I was originally skeptical as GraphQL already comes with the `deprecated` directive for this use case and it’s recommended for API evolution. Was actually delighted to see that this can let you make changes to your schema transparently without breaking clients!

  • setr 5 years ago

    Query rewriting is always scary to make use of, because it only takes like 2 rounds of rewrites (original | rewriter1 | rewriter2 | db) before all hope is lost

    If you end up using query rewriting to upgrade client queries, you'll end up very quickly with divergent SQL-schemas spread across many clients with little proper way to identify (client A module B was written targeting DB v0.1, but module C was looking at DB v0.2, and client B was only written when v1.0 released; A was upgraded by query rewriting from v0.1/0.2 to v0.5 and then v1.0, so the codebase still features ancient references, and applies two rounds of rewrites to find the final query output)

    • anaphor 5 years ago

      Basically you would have to prove that your rewrites are confluent in the sense of a term-rewriting system[1]. I'm not sure if the project here gives you any help in doing that, but it would be pretty cool if you could somehow prove the rewrites are confluent.

      [1]https://en.wikipedia.org/wiki/Confluence_(abstract_rewriting...

      • setr 5 years ago

        That only half-helps though doesn’t it?
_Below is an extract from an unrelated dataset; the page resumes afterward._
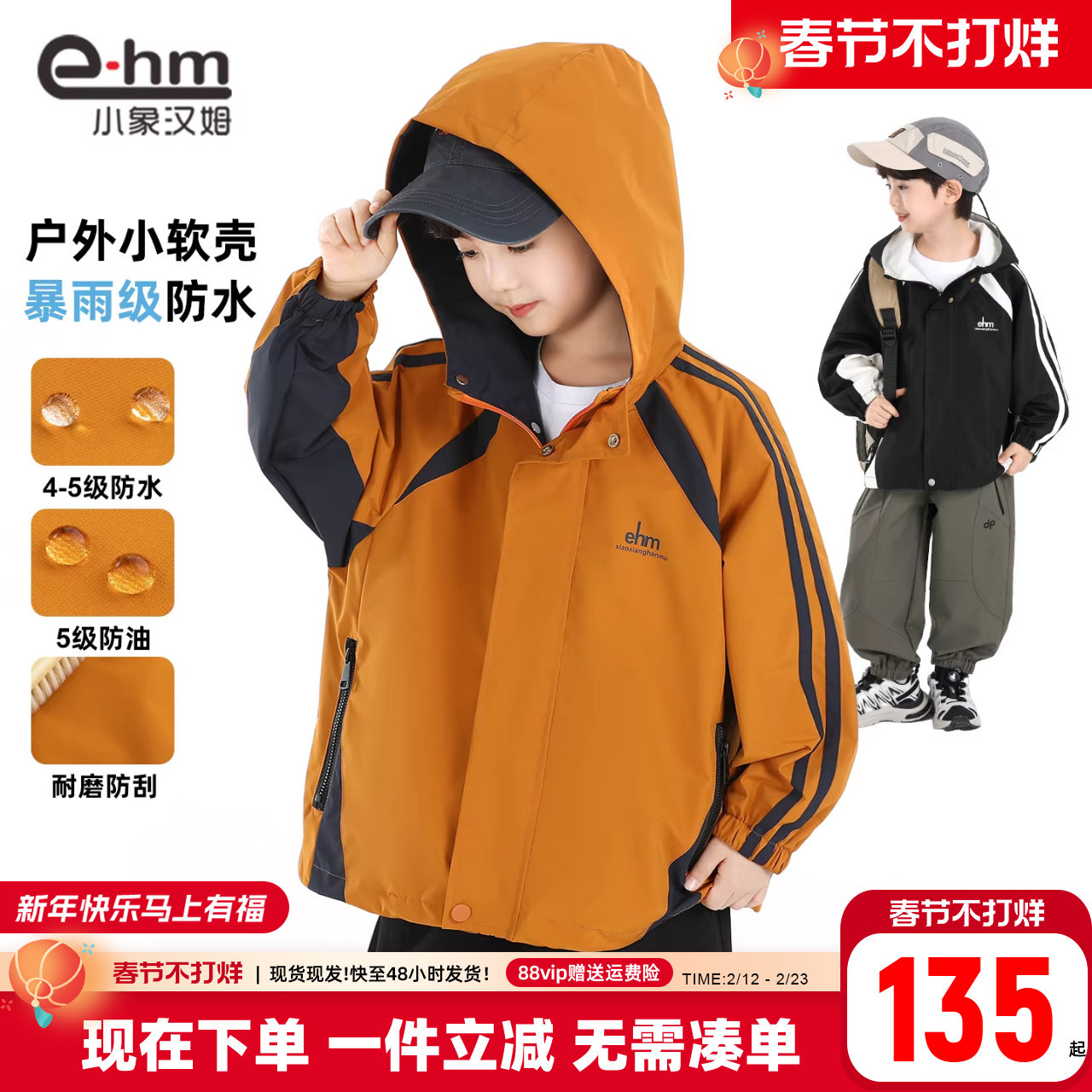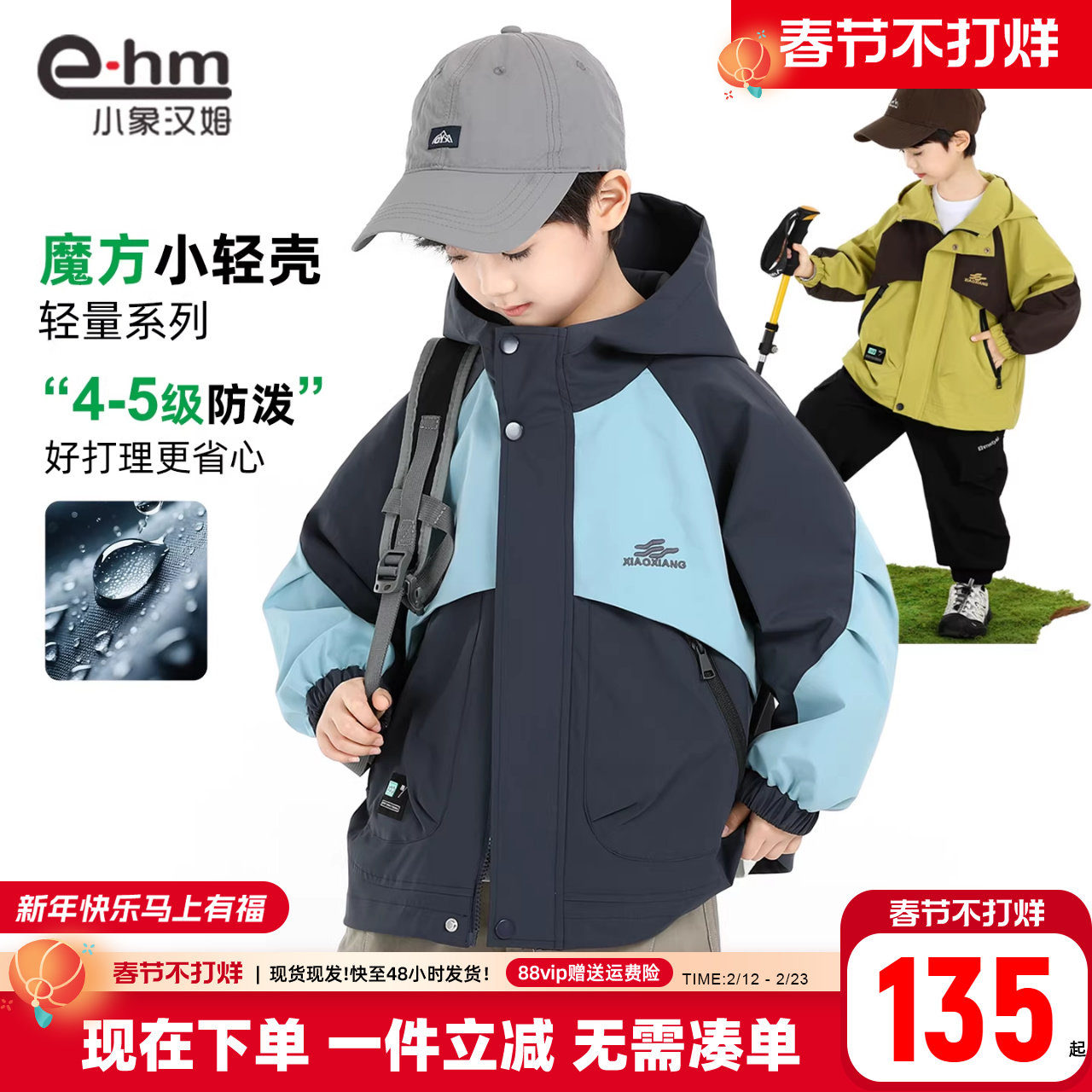 小象汉姆童装男童外套冲锋衣2026春装新款儿童户外防水衣拉链衫
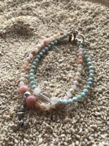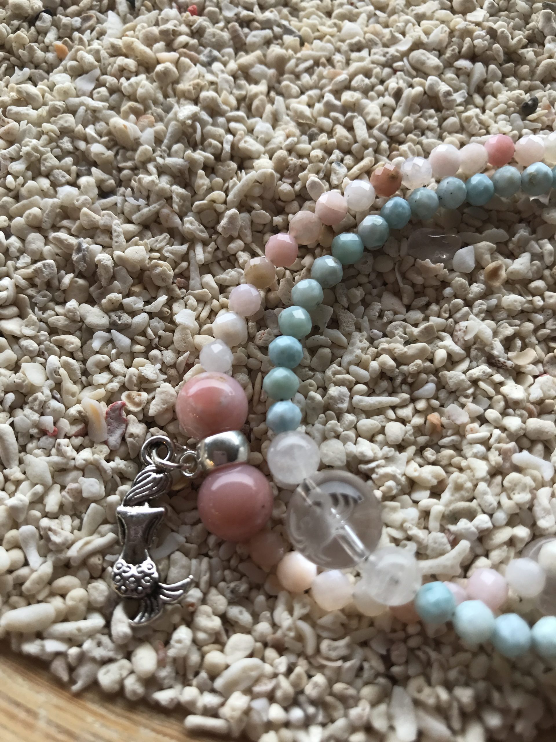 石は、ラリマーとピンクオパール。マーメイドの石といったら、この2つ。カラーもこのまま、ラリマーブルーとオパールピンク。勝手に色の名前つけましたが、ラリマーブルーは、ちょっとアイスブルーみたいな色ですよね。実際は、水色に白が水に溶け込むような模様を描き出しているのがラリマーという石。高価です。なので、これより大きな石でブレスレットを作ると高額になってしまうので、このサイズで。しかも、私はこのサイズ好きです。ラリマーは、海のエネルギーとつながります。地球の7割が海。そして人間の体は7割が水分。私たちは小さい地球なんです。地球の海と私たちの水分をつなげるのがラリマーです。

It saves you from rewrite-order dependence, but doesn’t the requirement that one has to follow ten rewrite (patches?) to figure out what was actually expressed by a query in the codebase. Which takes it down from hell-mode to hard-mode difficulty

        • anaphor 5 years ago

          Yeah that's true, and now that you mention it, maybe patch theory could help (in the sense of Pijul, Darcs, etc)

          Though I don't know how much effort I would spend on trying to make this work.

          • setr 5 years ago

            The problem I think is that at least with patching, its a run-once situation; once its updated, you never have to see that code/binary again.

            With query rewriting, its a continual patch, which applies both against the old queries.., and when the old queries are modified; that is, two divergent codebases now exist, referring to different schemas, but unknowingly one codebase gets warped into a different universe where its query somehow works.

            Both codebases continue to exist, and continue to be worked on. Divergent, yet somehow converging. Every client hit by query rewriting is another divergence.

            The issue is that the codebase’s query in fact needs to be rewritten.. once, and finally! If you only modify it in-stream... then the rewrite rule must exist until the end of time, or the codebase is updated manually.

            So really you want a way to patch codebases you probably don’t control.. but I think if you can solve that, you’ve solved APIs everywhere

            • anaphor 5 years ago

              So maybe what's really needed is an editor plugin for GraphQL that lets you auto-rewrite queries, or if the queries are generated by a library, then that library should do it.

              • setr 5 years ago

                The thing though is that you don’t actually want to rewrite at runtime; thats the hacky solution which ends up as layers of rewrites.

                You want to rewrite at compile-time, rewriting the codebase itself, and save the changes to version control. As if a human were updating to a new schema. You don’t want to allow stale, unversioned schema-references littered around the codebase itself; being valid by the time it executes is fine and well functionally, but hell to follow

    • rhacker 5 years ago

      You just described healthcare data formats in a sentence.